Il y a aussi un débat sur qui a été le premier à accepter le Saint Prophète Muhammad (s.a.w.). Les historiens diffèrent sur qui parmi les premiers hommes a cru en lui en premier : Abou Bakr (r.a.) ou ‘Ali (r.a.) ou Zayd Ibn Haritha. Certains suggèrent la solution suivante en disant qu’Ali était le premier parmi les enfants, Abou Bakr le premier parmi les adultes et Zayd était le premier parmi les esclaves.

En conciliant ces différents récits, le ‘Allamah Ahmad Ibn ‘Abdillah déclare : « Khadija Bint Khouwaylid a été la première à se convertir à l’islam. ‘Ali était le premier parmi les hommes alors qu’il était encore enfant : il était âgé de dix ans et avait caché sa conversion à l’islam. Abou Bakr Ibn Abi Qahafa était le premier Arabe adulte à se convertir et qui l’avait annoncé au monde. Zayd Ibn Haritha était le premier parmi les esclaves affranchis à se convertir à l’islam. Il y consensus sur cette question : aucun désaccord n’existe à ce propos.

Hazrat Mirza Bashir Ahmad dit à ce propos : « Lorsque le Saint Prophète Muhammad (s.a.w.) lança sa mission de prédication, la première personne qui accepta l’islam était Khadija qui n’a pas hésité un seul instant. Il y a des avis divergents au sujet de qui était le premier homme à avoir accepté l’islam après Khadija. D’aucuns disent qu’il s’agirait d’Abou Bakr ‘Abdoullah Abi Qahafa ; d’autres disent qu’il s’agirait d’Ali ou de Zayd Ibn Haritha. Mais selon nous, ce débat est inutile. ‘Ali et Zayd Ibn Haritha étaient des membres du foyer du Saint Prophète Muhammad (s.a.w.) et vivaient avec lui, tels ses propres enfants. Le Saint Prophète Muhammad (s.a.w.) n’avait qu’à s’exprimer et ils croyaient aussitôt ce qu’il disait. »

Étant des enfants, ils acceptaient tout ce que disait le Saint Prophète Muhammad (s.a.w.). Il se peut qu’ils aient cru en lui de cette manière.

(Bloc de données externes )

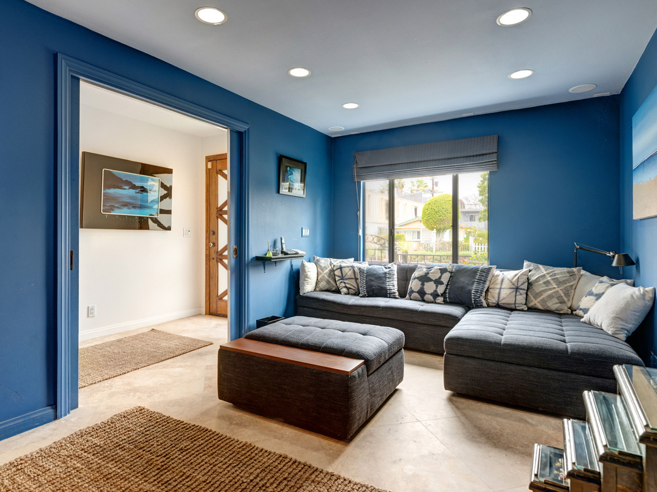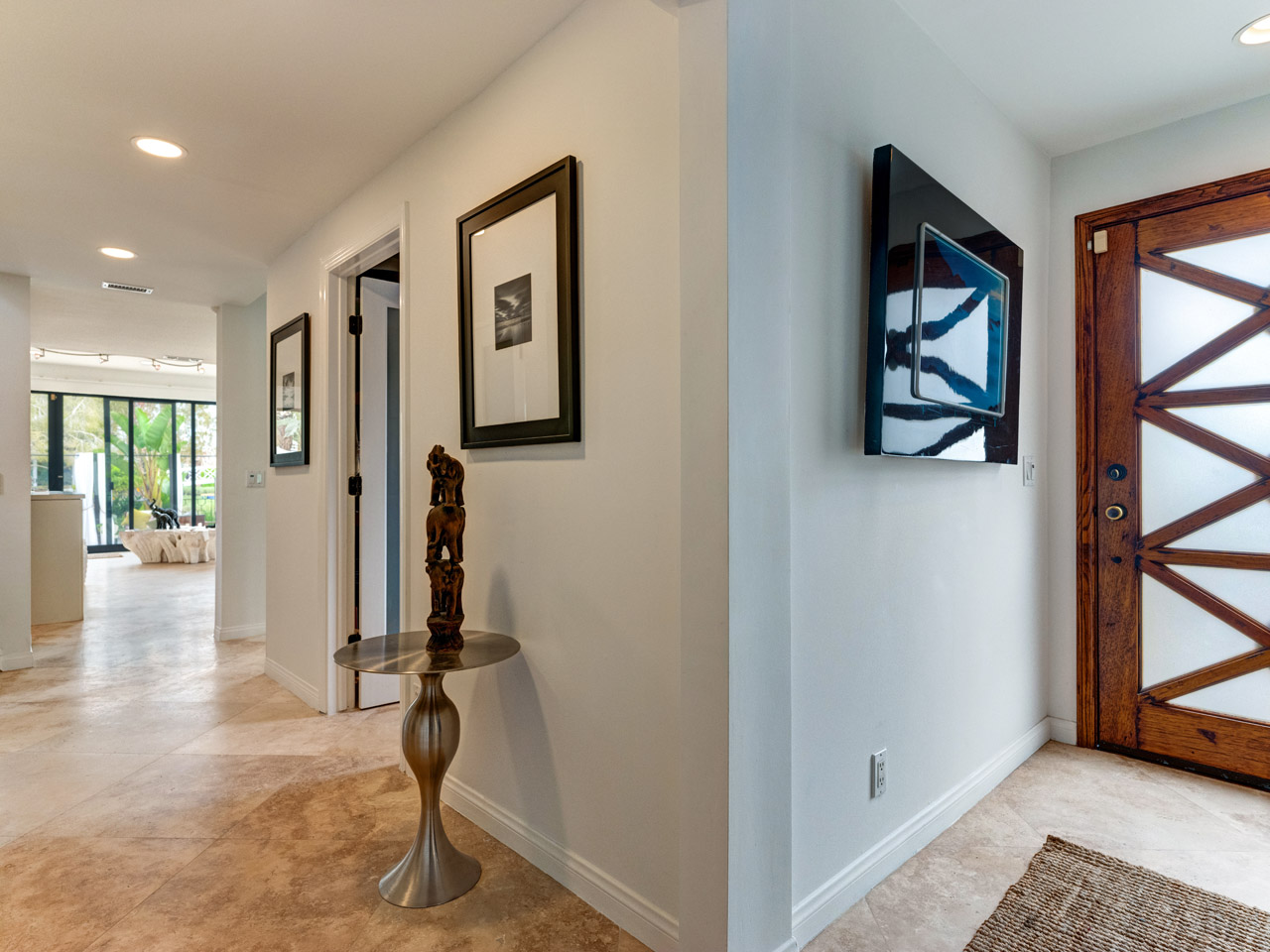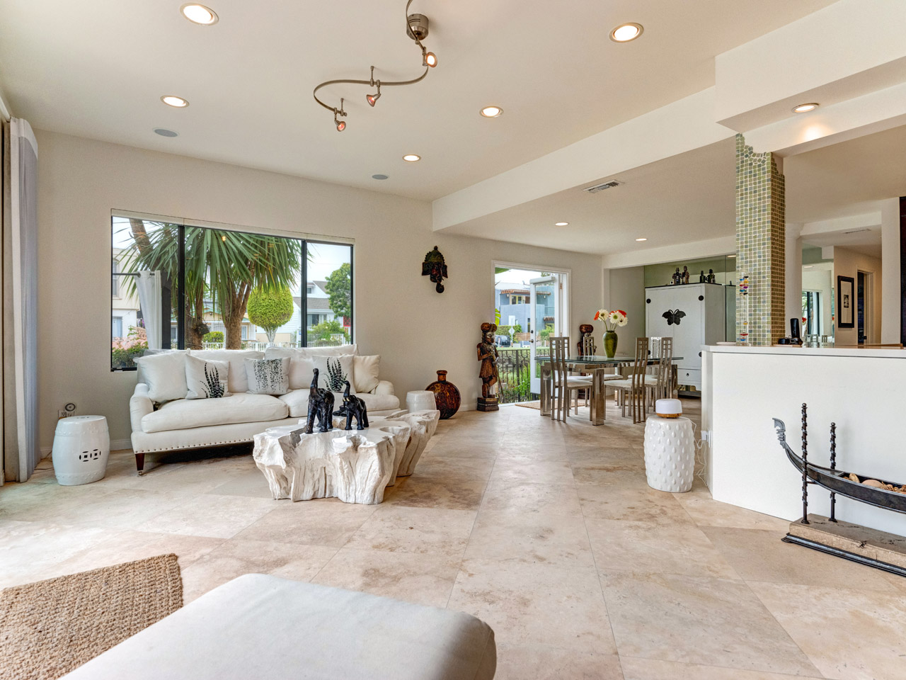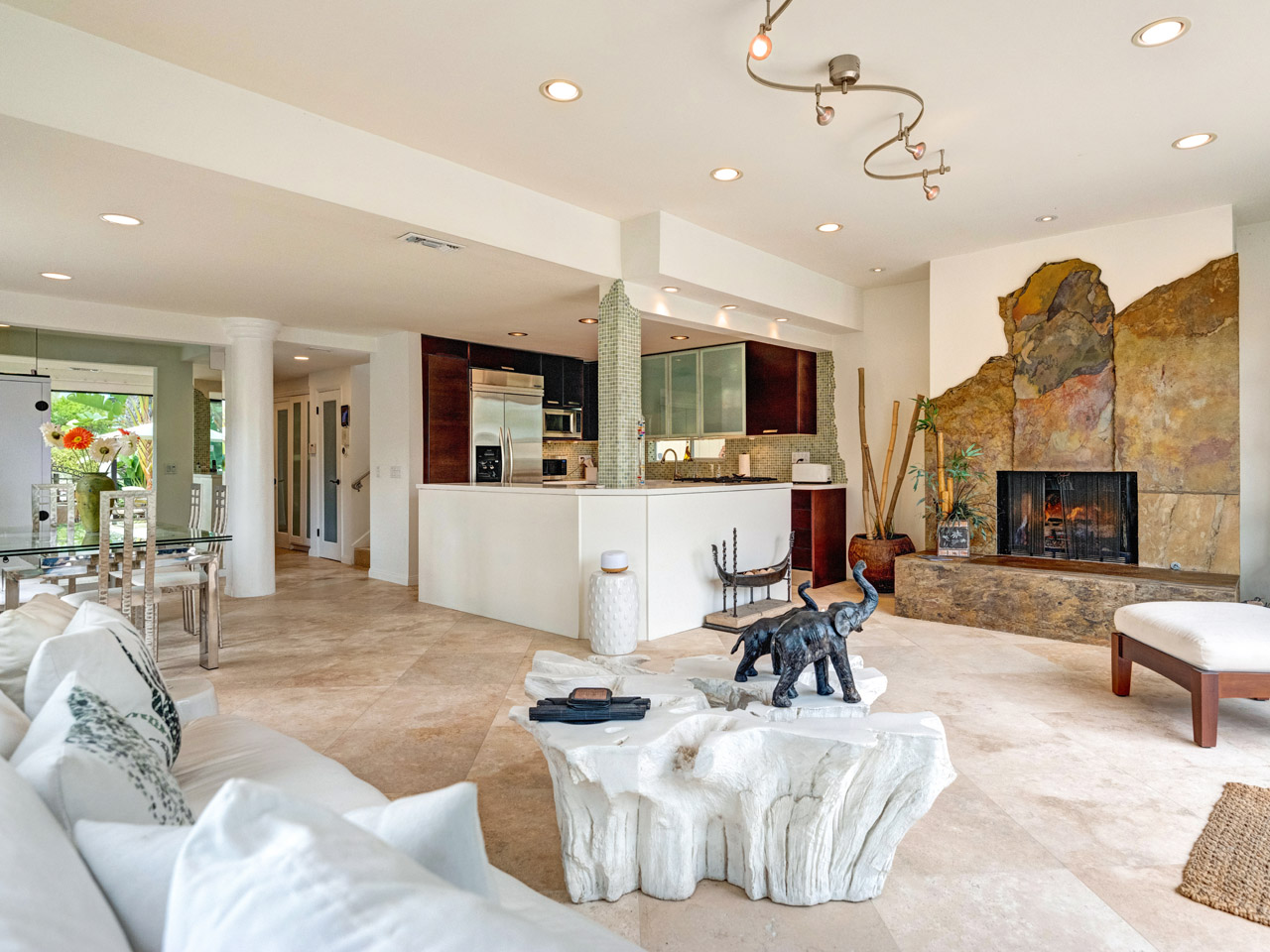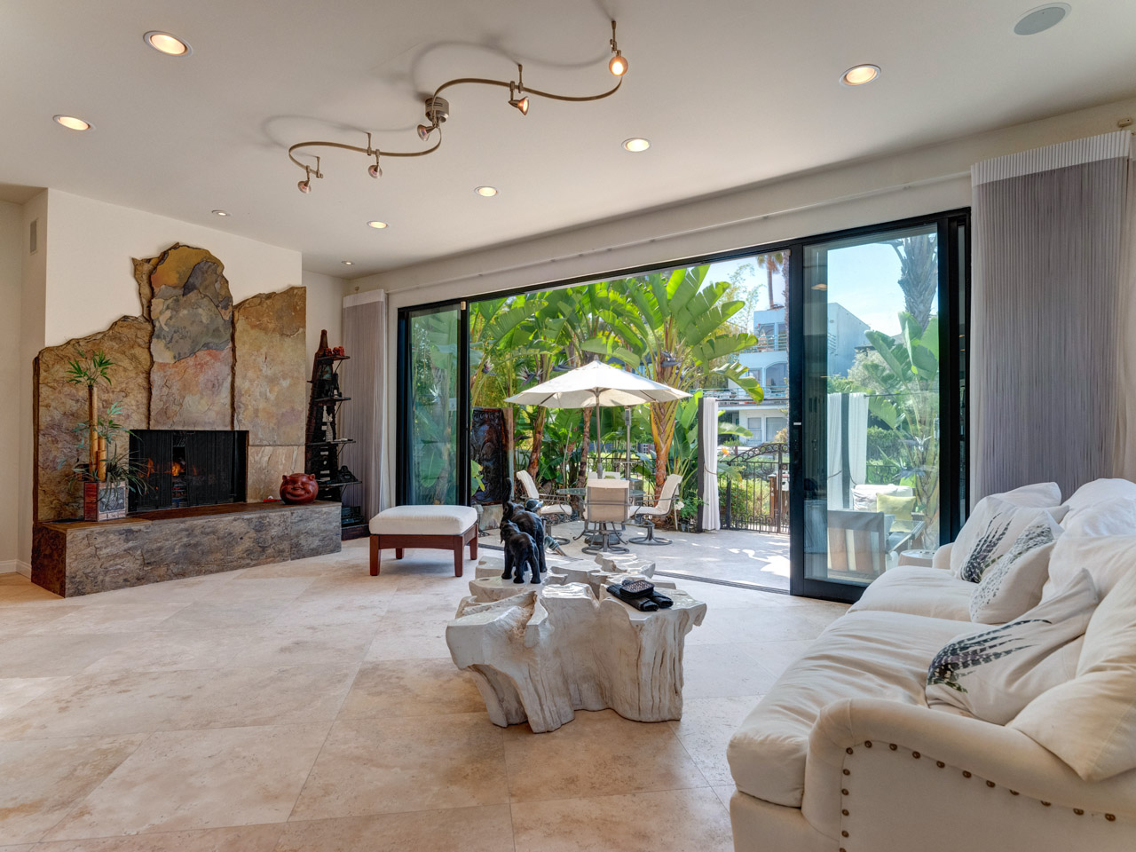Living room with custom stone fireplace and travertine floors.

Hazrat Mirza Bashir Ahmad Saheb ajoute : « Hormis ces deux enfants, Abou Bakr (r.a.) est unanimement accepté comme le premier et le plus important dans son acceptation de l’islam. Hassân Ibn Thâbit Al-Ansâri, le poète du Saint Prophète (s.a.w.), dit à propos d’Abou Bakr (r.a.) :

« Chaque fois que le doux souvenir de l’un de vos nobles frères s’élève dans votre cœur, souvenez-vous également de votre frère Abou Bakr, en raison de ses vertus dignes d’évocation. Après le Saint Prophète (s.a.w.), il était le plus Mouttaqi et le plus juste de tous les hommes et celui qui s’acquittait le mieux des responsabilités qu’il avait endossées. En effet, c’était Abou Bakr (r.a.) qui était le deuxième avec le Saint Prophète (s.a.w.) dans la Caverne de Thawr, qui s’était effacé dans l’obéissance du Prophète (s.a.w.). Quelle que soit la tâche qu’il entreprenait, il l’embellissait et il était le premier à croire au Messager. »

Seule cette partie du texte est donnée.